During our afterschool romps in the great outdoors I brag to Steve about this miracle of the airwaves that I have concocted in my own head. By some struck of luck, I tell him, the tangled airwaves streams Canadian hockey into my television set. It is then that I learn that Steve gets this Hockey Night in Canada thing at his house, too; in fact his Dad watches it all the time. In one of those tragedies of growing up, I learn in time that the other boys at school are aware of this Hockey Night in Canada show, too - Chuck Elstone claims he watched the Canucks game just this past weekend. I sulk in this discovery not unlike the way I will sulk after Red Wings' playoff losses years later. It is not so much this news that discourages me by the end of the week so much as the fact that I appear to be the only one that finds this Hockey Night in Canada spectacle to be of monumental significance. Forget it, Chuck Elstone advises, We gotta get ready for Gym class! and he gallops off to the outer reaches of the school playground as recess concludes.
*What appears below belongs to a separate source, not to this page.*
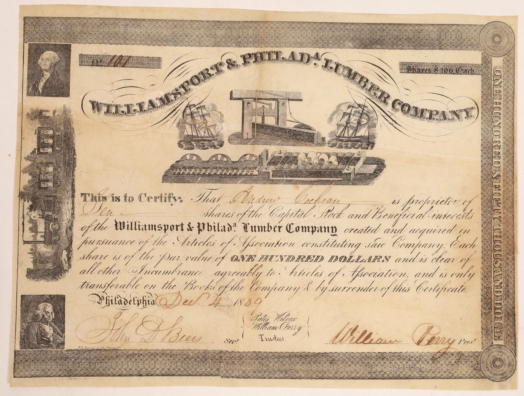 Gorgeous, early uncancelled lumber certificate! No. 101, issued for 10 shares to Andrew Cochran on Dec. 4th, 1839 in Philadelphia. Signed by president William Perry and secretary John D. Beers. Not cancelled. PS Duval Litho, Philadelphia. Black border and print, many vignettes: Benjamin Franklin, George Washington, an early locomotive, and multiple of lumber mill machinery and ships! Pinholes, creases, light wear. 7 x 9.25" Perry is listed on the certificate as a trustee, and this company was incorporated in 1839 with Andrew Cochran also involved. Richard Cochran (his brother?) later sued Perry, Cochran, and the company. The company "were the owners of a large body of unseated land in Lycoming county , containing 7302 acres 48 perches," according to Pennsylvania State Reports.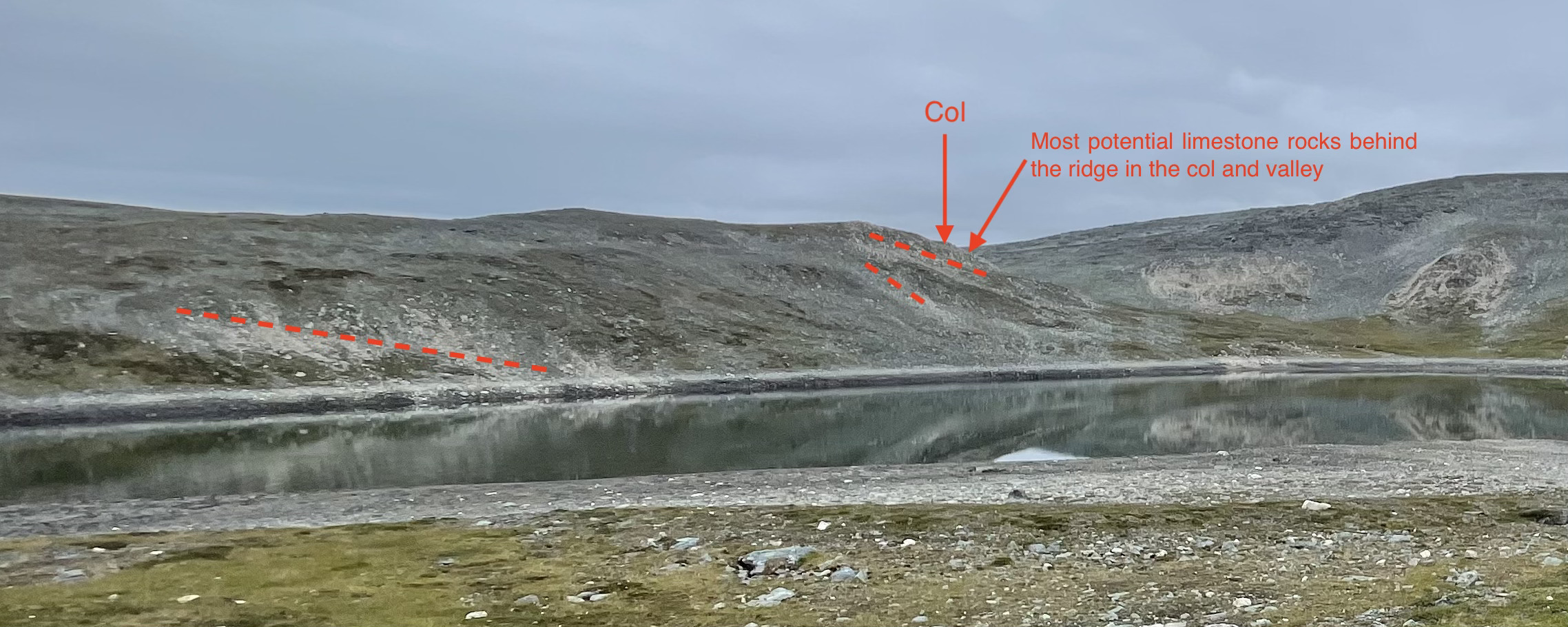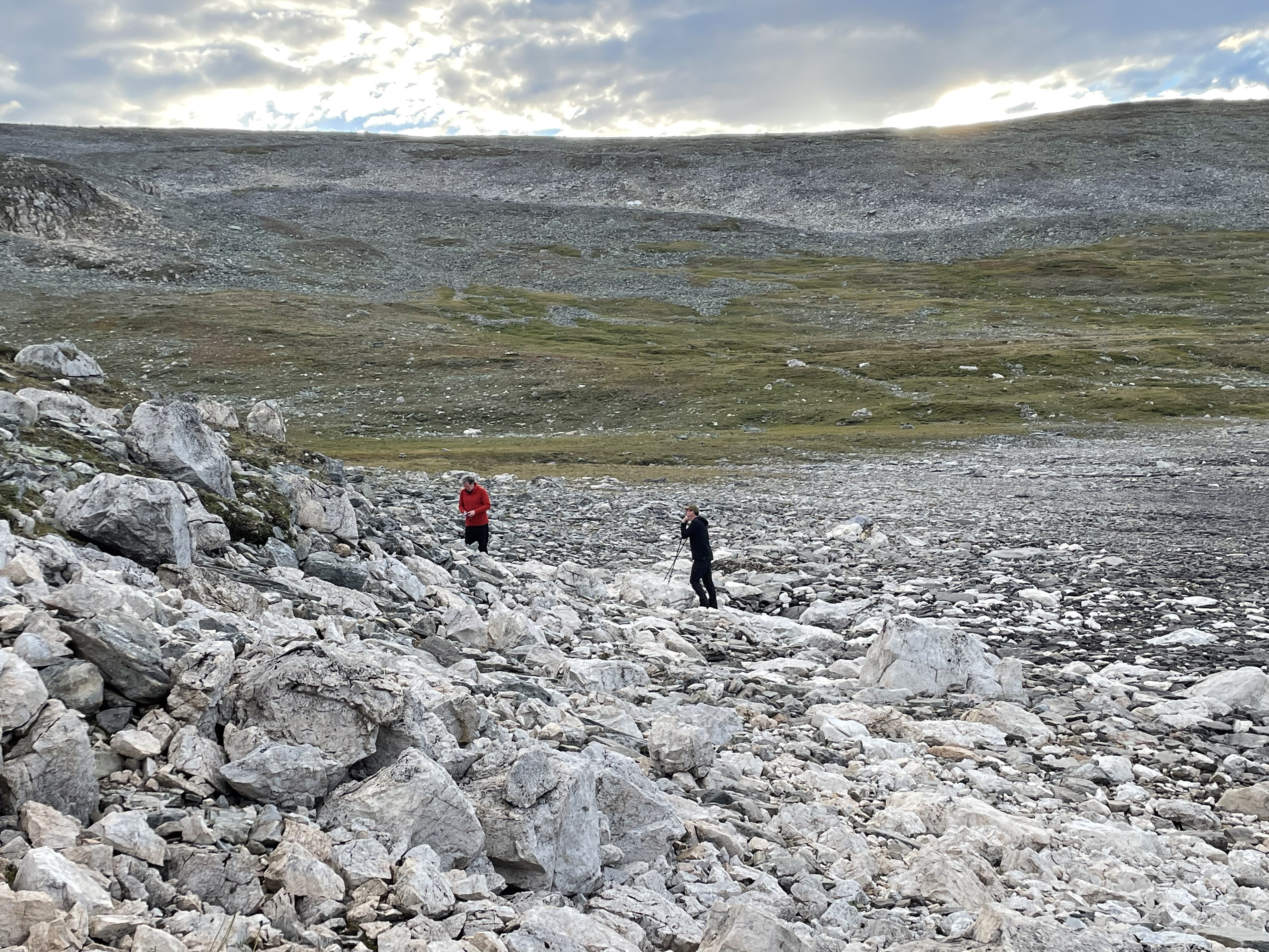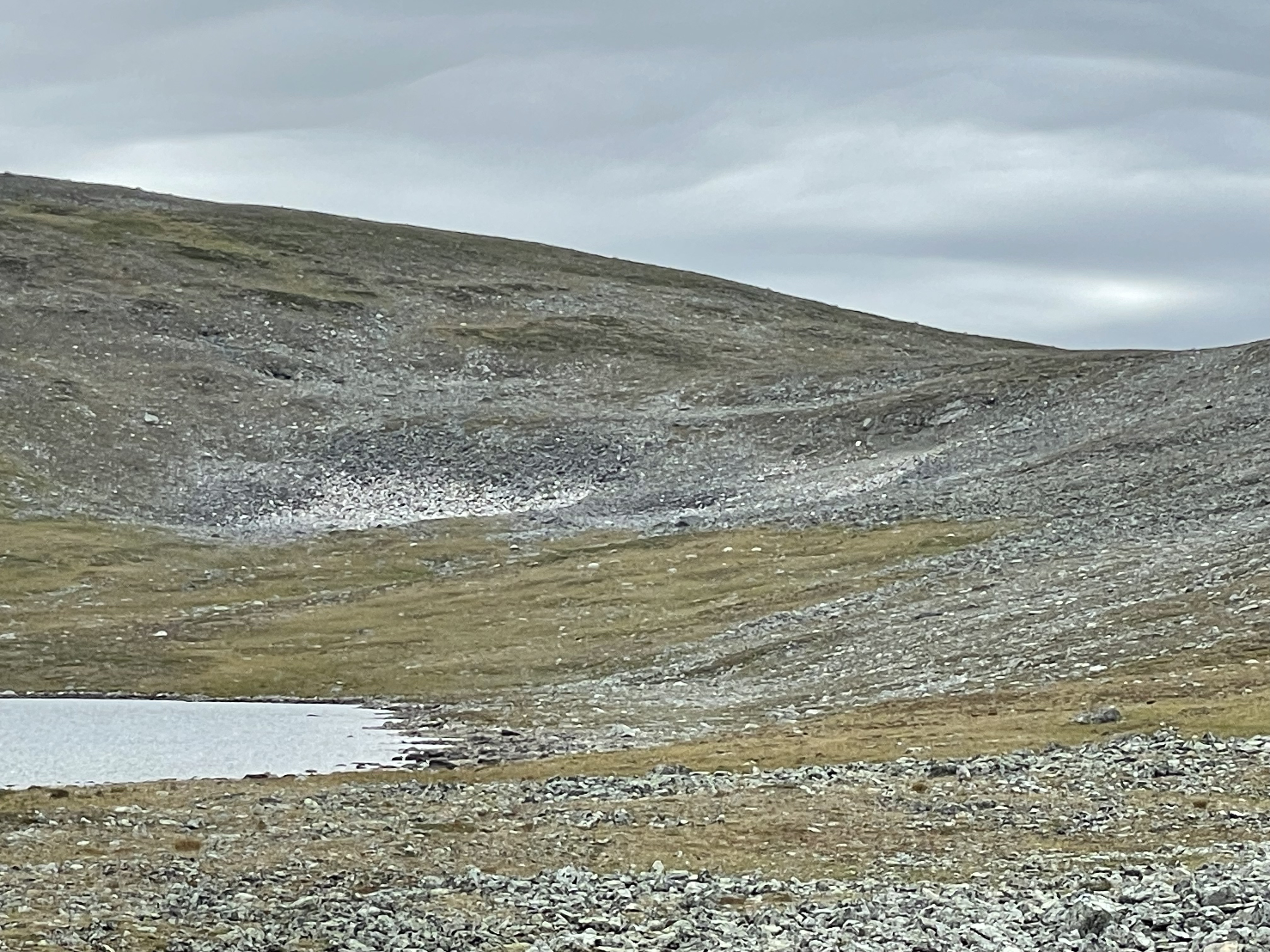 As part of our exploration trip to the Njiellalanjávri area, we scouted all signs of limestone around lakes Njiellalanjávri, Toskaljärvi, Veajetjávrrit, and Láfoljávri lakes, and the mountains in between. In some cases limestone was easy to identify, known to be limestone, in other cases it was not so easy to identify by non-experts. But we think we made a reasonable analysis, and found quite many places where there is at least potential limestone. There's plenty of loose rock pieces that are clearly limestone, but the more interesting target for us were ground rock layers. Or larger collections of potential limestone rock pieces that might indicate a ground rock layer would be somewhere nearby.

Like most things in a boy's life then, the mystique of the airwaves, something once magical, fades under the tight grip of Time's weathered hands. It is not until then that the mystery of the sport - the game within Hockey Night in Canada - takes on greater importance. And as with most important things in my seven-year old world, it would be my Father and his Saturday night gatherings with his friends that lures me in. Somehow, I eventually find myself amongst the men in my basement on those Saturday nights. I listen carefully as Mr. Racine explains the ins and outs of the game to me. I learn which colors belong to which teams: blue and orange to the Oilers of Edmonton, crimson and blue to the villainous Montreal Canadiens, the iconic blue maple leaf to Toronto, dreadful orange and black to the hated Philadelphia Flyers. I learn the intricacies of my hometown team, too: the Russian Five lineup made up of Soviet-style skaters Fedorov, Konstantinov, Larionov, Fetisov, and Koslov; the beloved tough guys on Detroit's roster: Darren McCarty, Keith Primeau, Paul Coffey, and Joey Kocur; and Detroit's heroes, of course: Stevie Yzerman, Nicklas Lidstrom, and Dino Ciccarelly. I keep one eye on my already-pegged favorite Red Wing, the young netminder Chris Osgood, but I keep this secret to myself. As my hockey education continues, my Dad even offers me a sip of Red Dog beer, and that first rotten taste is enough to keep me away from the stuff for a few years, at least.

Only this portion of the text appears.